> [Task statement] From the first line to the last, restate the material word for word, omitting pictures.

> [Dataset extract]
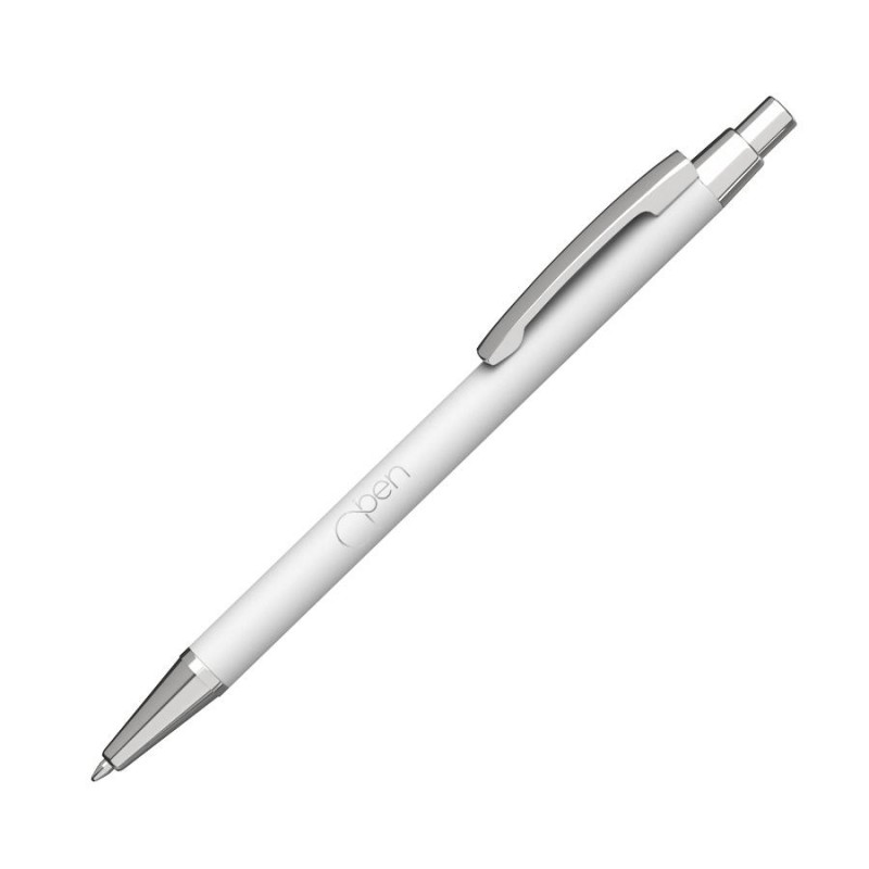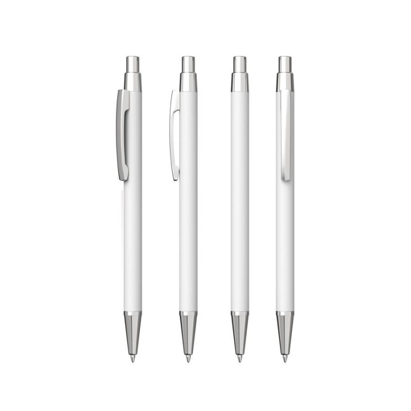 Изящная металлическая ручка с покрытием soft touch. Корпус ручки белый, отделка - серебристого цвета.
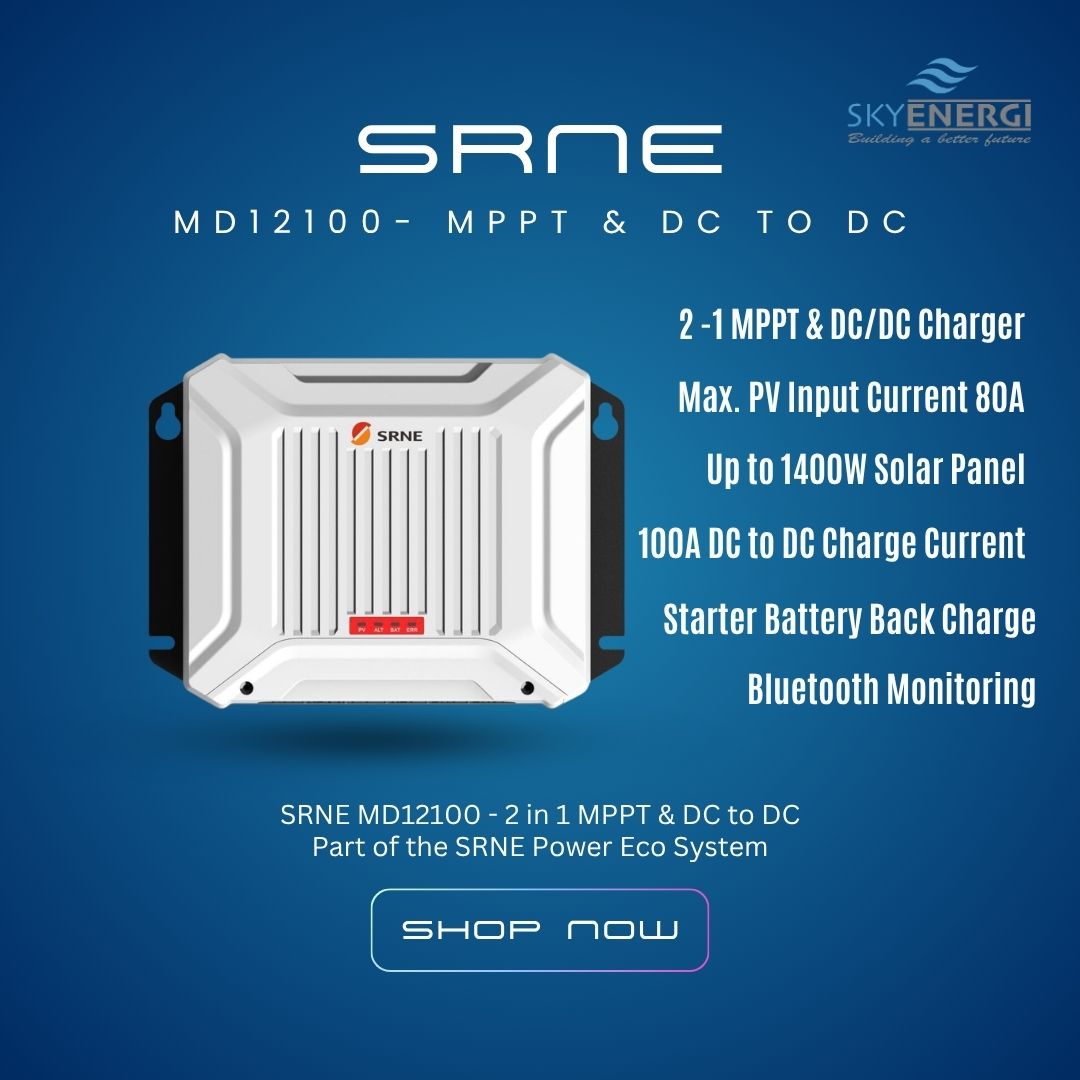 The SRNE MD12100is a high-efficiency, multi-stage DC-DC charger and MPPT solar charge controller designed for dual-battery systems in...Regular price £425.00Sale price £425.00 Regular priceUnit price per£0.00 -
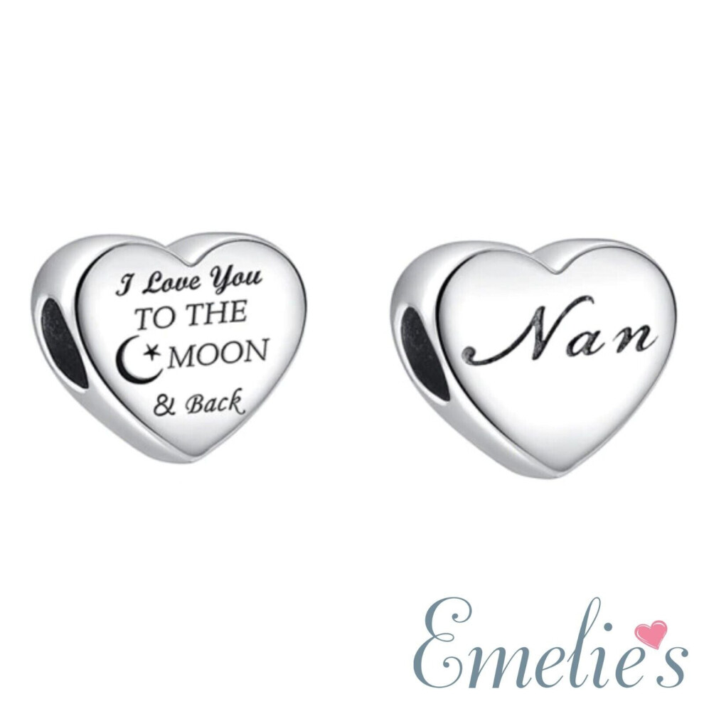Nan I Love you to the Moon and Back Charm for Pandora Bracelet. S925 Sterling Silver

> [Solution to the problem]
 Изящная металлическая ручка с покрытием soft touch. Корпус ручки белый, отделка - серебристого цвета.
 The SRNE MD12100is a high-efficiency, multi-stage DC-DC charger and MPPT solar charge controller designed for dual-battery systems in...Regular price £425.00Sale price £425.00 Regular priceUnit price per£0.00 -
Nan I Love you to the Moon and Back Charm for Pandora Bracelet. S925 Sterling Silver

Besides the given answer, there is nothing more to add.